On various anniversaries, he never references the crime, again, as though he's trying not to highlight the bad stuff and make himself appear not as bad or bad off as he is. At one point, he's discussing something that is at the 10-year mark for the crime, almost to the day, but he doesn't even mention it. That happens on several occasions: 15-year-mark of crime, 15 years incarcerated, anniversaries of Loeb's death. Often, events overlapped these crucial dates, but you can't even tell whether he noticed. It makes him appear insensitive and cold and kind of undermines his attempts to seem as though he's a far different person than the one who committed the crime.
It spills into infomercial land quite a bit. I don't fault him for that AT ALL. He's trying to make a particular impression for society and the parole board. ANYBODY would do that. It's actually smart. But, in highlighting so many great moments that he truly did experience through various job assignments, he hides so many other things: How limiting prison was, what he could have done with his life if he hadn't committed the crime, all of what he lost. He's RIGHT not to appear to be whining about his plight. But there's a way to explain your regret without appearing like you believe you're the victim.
Finally, if you've read the sentencing trial transcripts (I have), you know that Leopold and Loeb had been a romantic and sexual couple for a few years before the crime. In a 1960 interview, he admitted he still loved Loeb. It's tragic that he had to be closeted for the autobiography. He talks about a female he was crazy about, but it comes across as very false and forced. Every time he refers to Loeb, you can hear the glow, the love, the admiration. He thinks he's hiding it, but you can't disguise love. It's the most bittersweet part of the read because you know it's not his fault that he doesn't feel comfortable talking about it. And...it hides so much of who he really was. You're just not going to get much out of someone's autobiography if one of the most essential parts of his life must be completely ignored.

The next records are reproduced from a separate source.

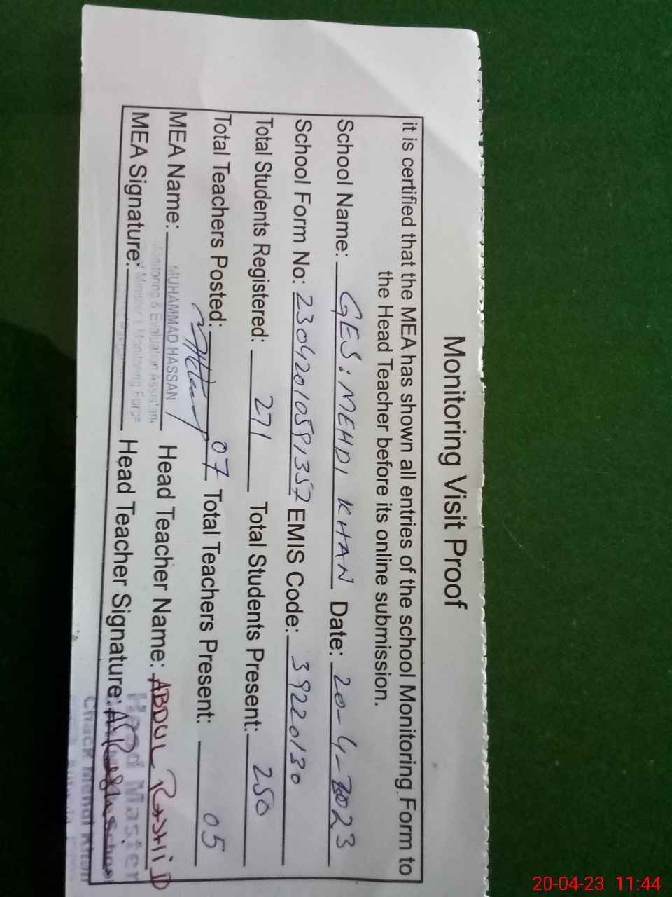 | EMIS Code: 39220130 | Name of School: GES MEHDI KHAN | |||
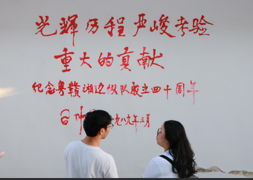 随后,全体成员前往黄沙坑革命遗址纪念馆,进行寻迹黄沙坑现场学习。大家怀着崇敬的心情依次步入了展厅,先后参观了星星之火、抗日烽火、黎明曙光等主题展室。馆内珍藏的一件件斑驳的革命文物、一张张泛黄的历史照片、一份份详实的文献资料,无声地诉说着那段烽火连天的峥嵘岁月。大家驻足于革命先辈使用过的枪支、生活用具前仔细端详,凝神聆听东江纵队和粤赣湘边纵队在黄沙坑一带浴血奋战的英雄事迹,切身感受到革命先辈们坚定的理想信念和不怕牺牲的革命精神,进一步深化了对“实干担当,为民奉献”的理解。红色遗址的现场学习让大家在浸润式体验中接受精神熏陶、涵养家国情怀,以红色美育丰富五育并举内涵,让美育融入红色教育,在感悟革命精神中提升审美素养和人文情怀。
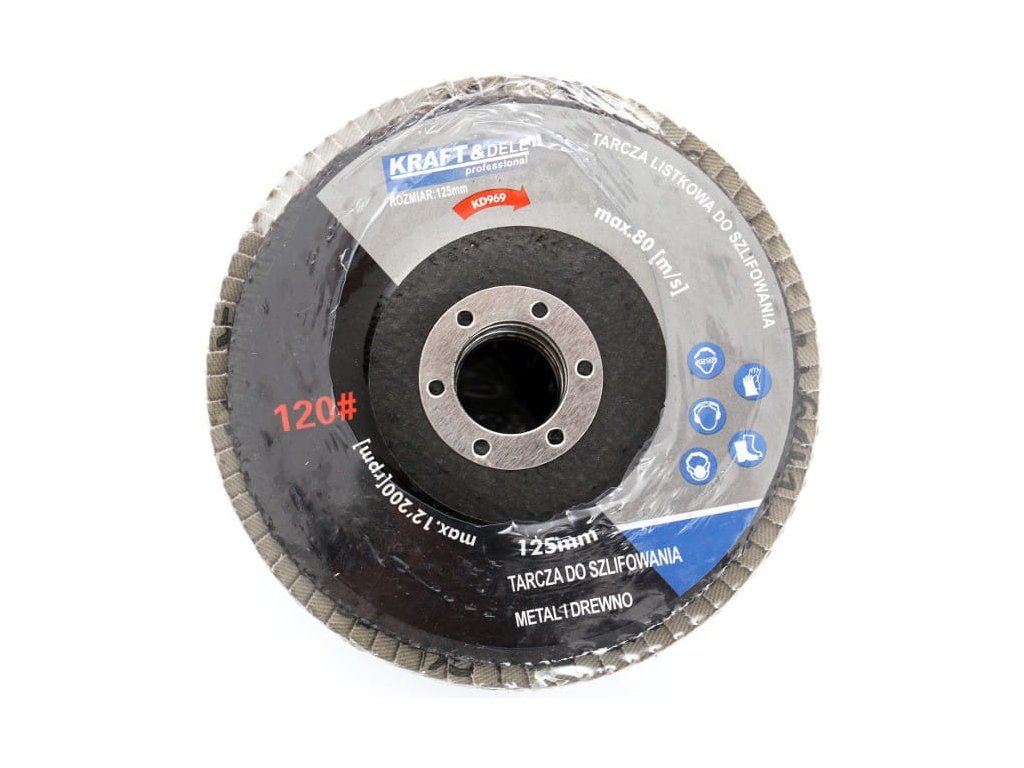 Listový kotúč značky KD969 je univerzálny kotúč určený na brúsenie kovu a dreva. Tento model kotúča využíva zrnitosť na úrovni P120 a je balený po 10 kusoch.
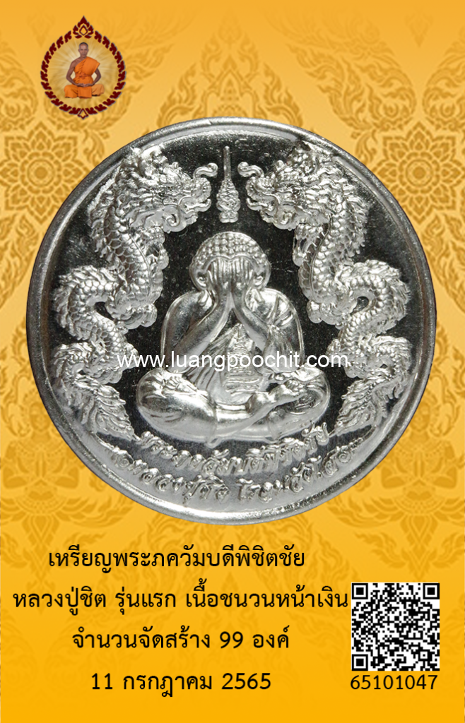 ชื่อพระ : เหรียญพระภควัมบดีพิชิตชัย หลวงปู่ชิต รุ่นแรก เนื้อชนวนหน้าเงิน วัดบ้านคำระหงษ์ จ.อุบลราชธานี
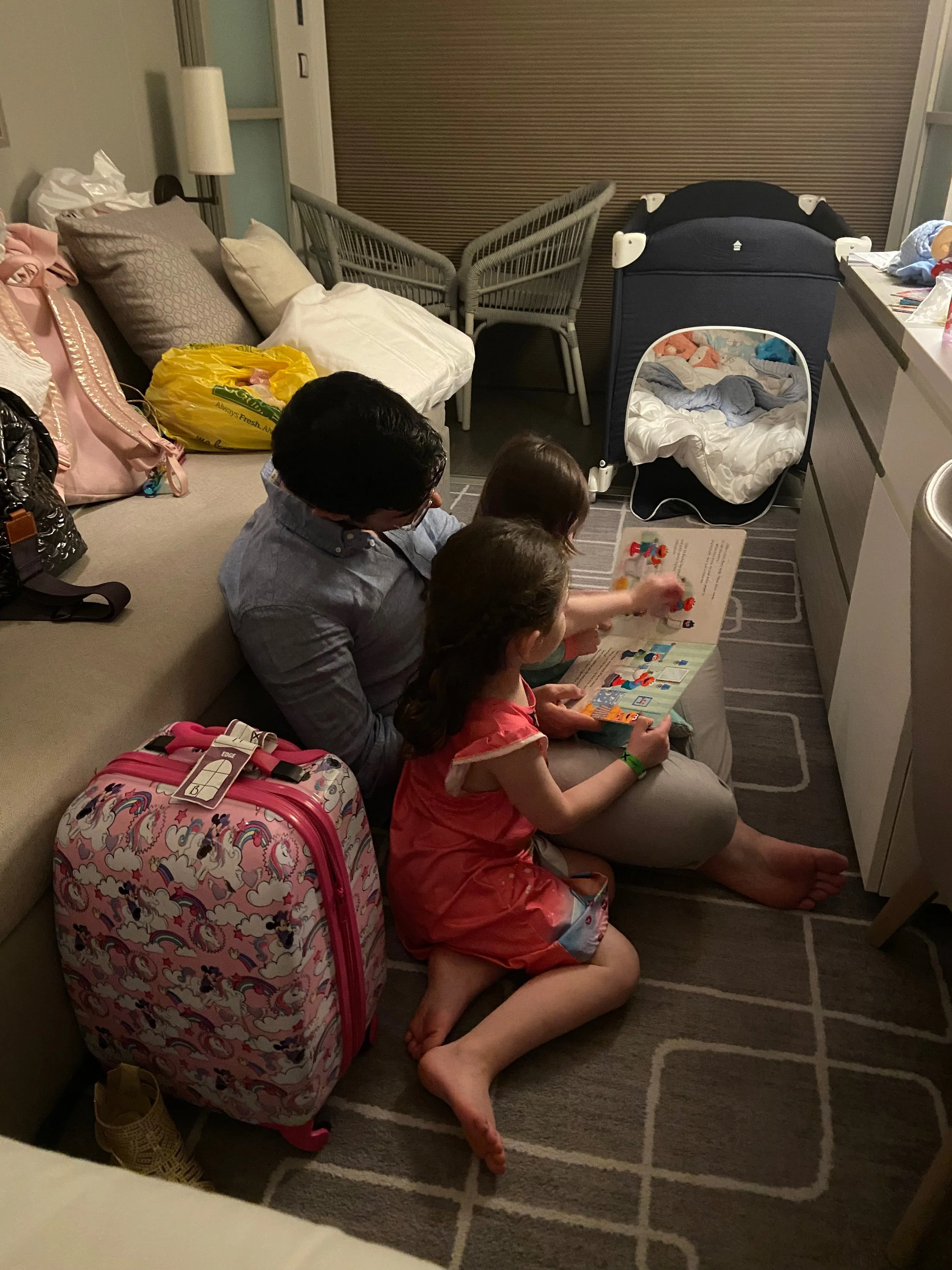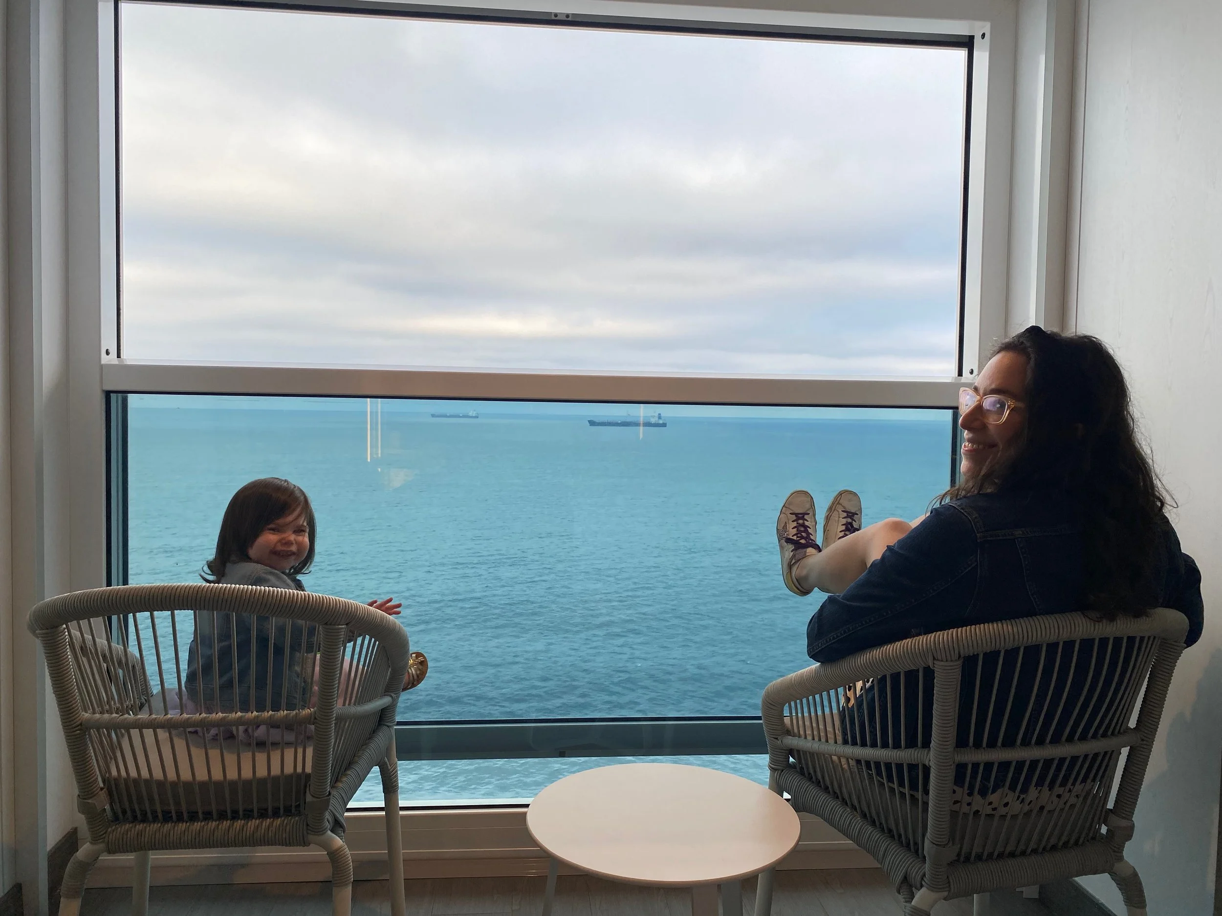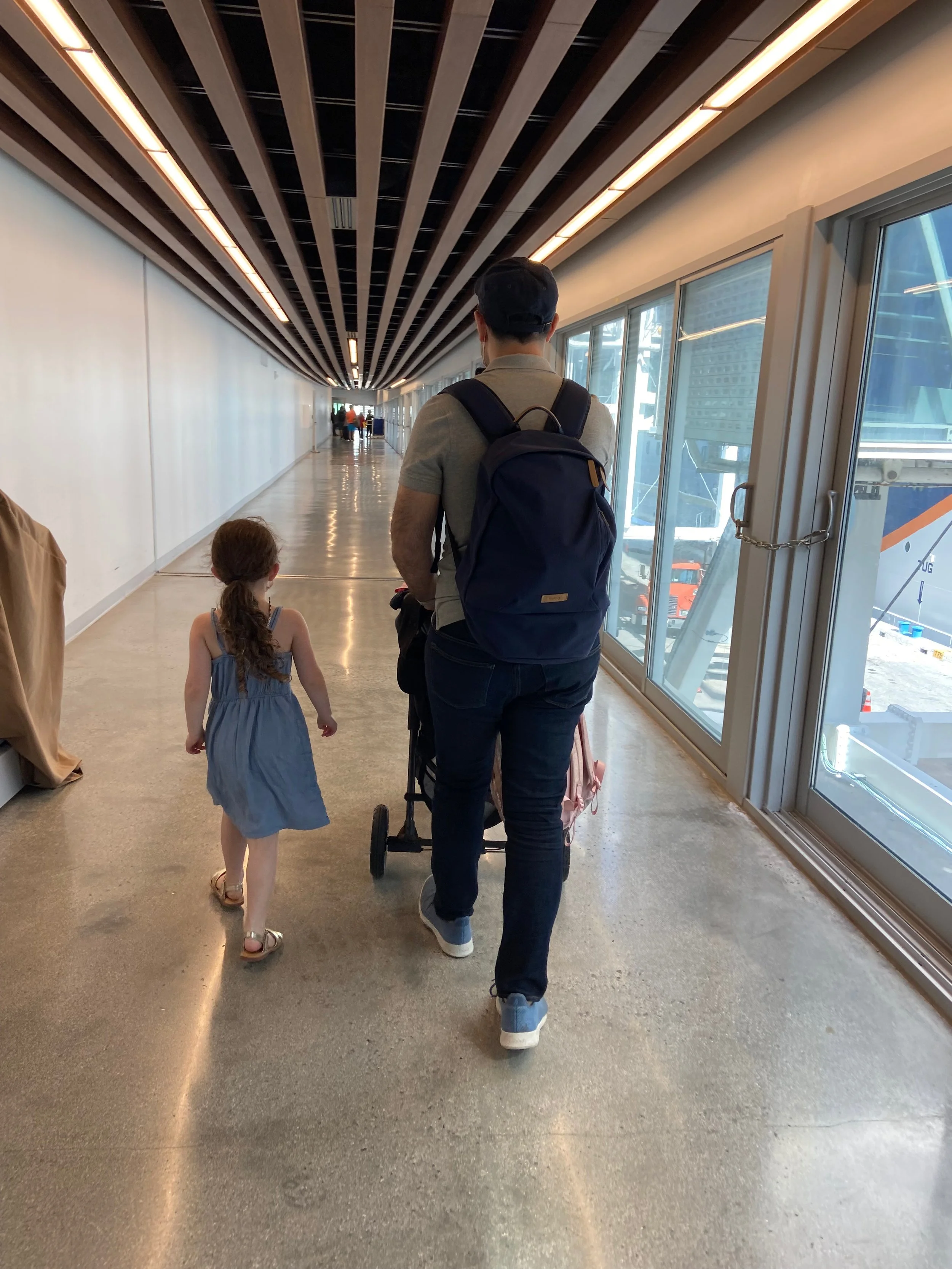 We wanted to get out of the hotel around 10, but I don’t think we left until 10:30. The Uber ride to Fort Lauderdale was about 40/45 minutes and we made it to Port Everglades in time for our 11 – 1130 check in window. Check in was extremely smooth. First, they checked the kids. Hallie got a green sticker that said VAX and Madeleine was upset she couldn’t have a sticker also. We all had to show our COVID results and vaccine cards and then went through security, check in, and another check in, walked over a long bridge, and finally, we were on the ship!
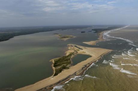 A lama da barragem da Samarco com rejeitos de mineração segue ao longo do Rio Doce em direção à foz, localizada em Regência (ES)Fred Loureiro/Secom ES
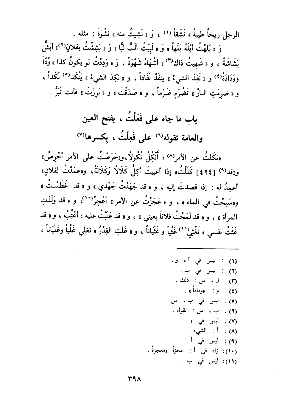 باب ما جاء على فَعَلْتُ، بفتح العين والعامة تقوله على فَعِلْتُ، بكسرها

I gave this four stars because it's very well written, and it really does give you a sense of what prison life was like (if not as much how it affected him). And by the end (no spoilers), you sense a deeper, more realistic and "buyable" desire for rehabilitation and to live a rehabilitated existence, despite my earlier remarks about his notions of "being better" than other inmates, dislike of black people, etc. He comes across as more genuine about his desire for rehabilitation than in his earlier claims. Maybe he just got better at working his game, but he tells the story of incarceration in a compelling, four-star way.
I couldn't give it five stars because he masked too much. He hid details, was glib about his loss, and tried to present the picture of someone almost "unbothered" by prison, and, even if that was entirely true, he didn't write it in a way that I believed it was true. It read like a cover.